Top of Data section

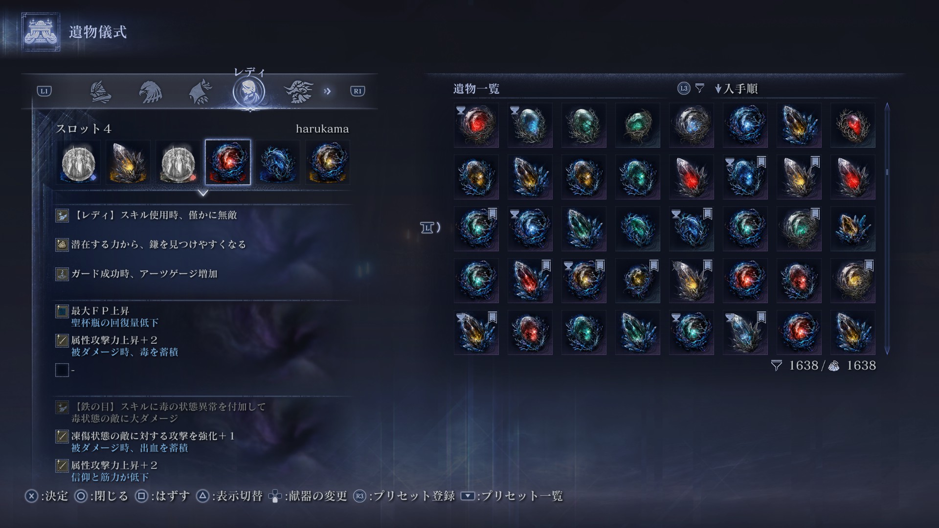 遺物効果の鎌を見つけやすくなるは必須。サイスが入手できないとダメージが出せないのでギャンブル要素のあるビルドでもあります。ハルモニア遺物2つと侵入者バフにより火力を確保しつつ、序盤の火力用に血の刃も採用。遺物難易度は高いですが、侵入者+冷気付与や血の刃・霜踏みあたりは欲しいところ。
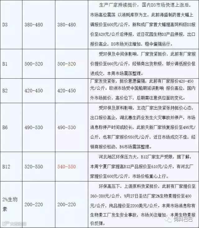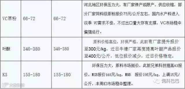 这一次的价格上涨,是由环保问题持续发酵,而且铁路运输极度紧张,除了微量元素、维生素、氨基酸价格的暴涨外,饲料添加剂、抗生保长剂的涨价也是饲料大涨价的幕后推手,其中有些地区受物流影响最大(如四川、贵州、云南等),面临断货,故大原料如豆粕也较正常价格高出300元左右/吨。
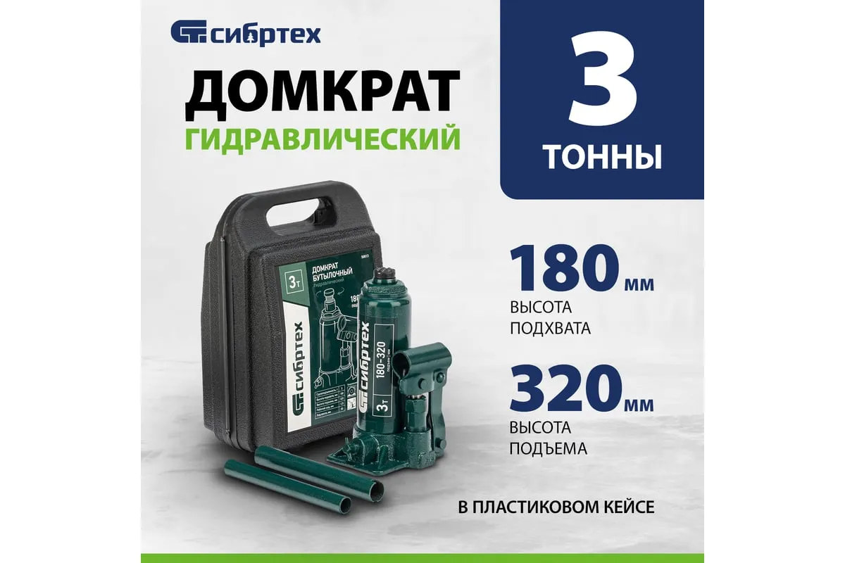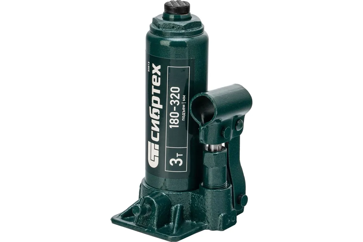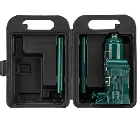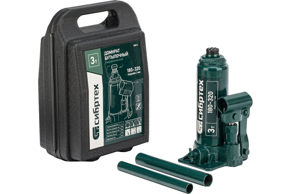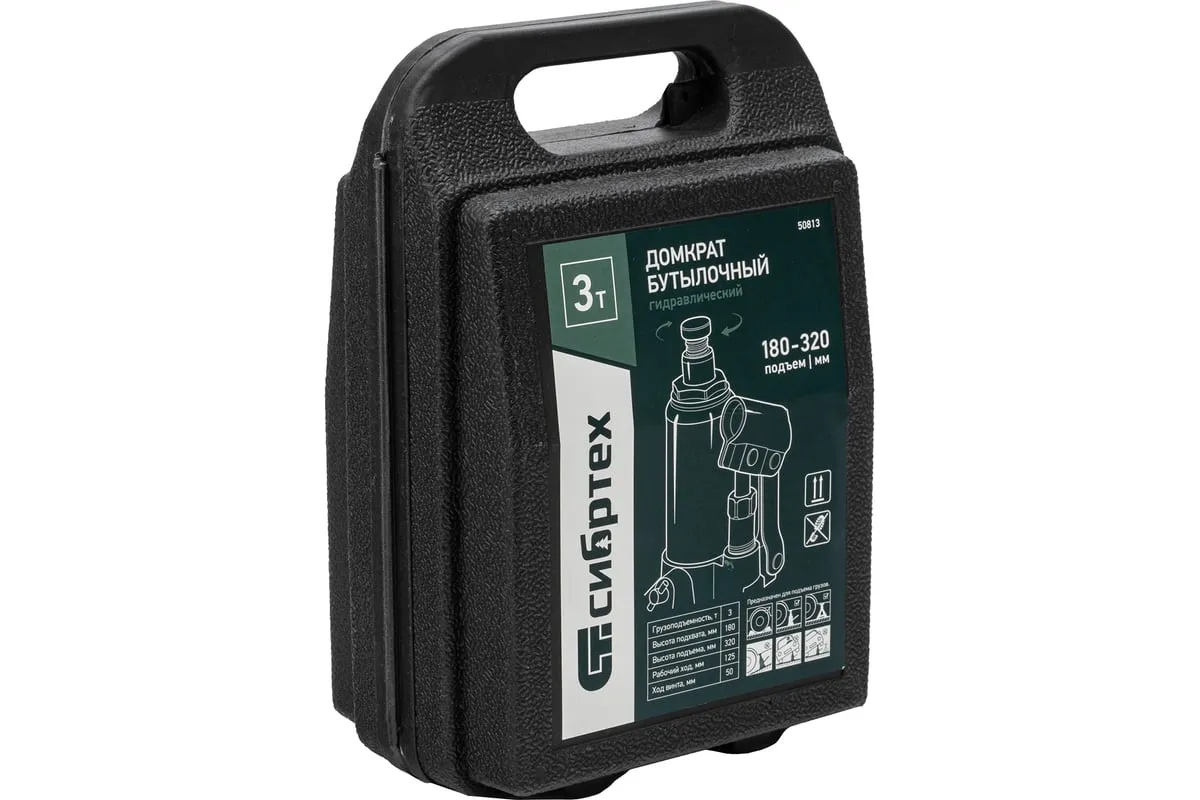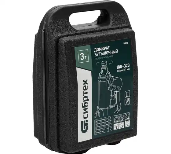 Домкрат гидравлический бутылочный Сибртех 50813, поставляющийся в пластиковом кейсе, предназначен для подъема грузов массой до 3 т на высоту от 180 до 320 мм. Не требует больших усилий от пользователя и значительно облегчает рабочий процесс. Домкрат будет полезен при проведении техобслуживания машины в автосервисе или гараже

Bottom of Data section

[Problem to solve]
Hand back exactly the lines from the one with "这一次的价格上涨,是由环保问" through the last line of the data above, both ends included, with every picture left out.

[Worked solution]
 这一次的价格上涨,是由环保问题持续发酵,而且铁路运输极度紧张,除了微量元素、维生素、氨基酸价格的暴涨外,饲料添加剂、抗生保长剂的涨价也是饲料大涨价的幕后推手,其中有些地区受物流影响最大(如四川、贵州、云南等),面临断货,故大原料如豆粕也较正常价格高出300元左右/吨。
 Домкрат гидравлический бутылочный Сибртех 50813, поставляющийся в пластиковом кейсе, предназначен для подъема грузов массой до 3 т на высоту от 180 до 320 мм. Не требует больших усилий от пользователя и значительно облегчает рабочий процесс. Домкрат будет полезен при проведении техобслуживания машины в автосервисе или гараже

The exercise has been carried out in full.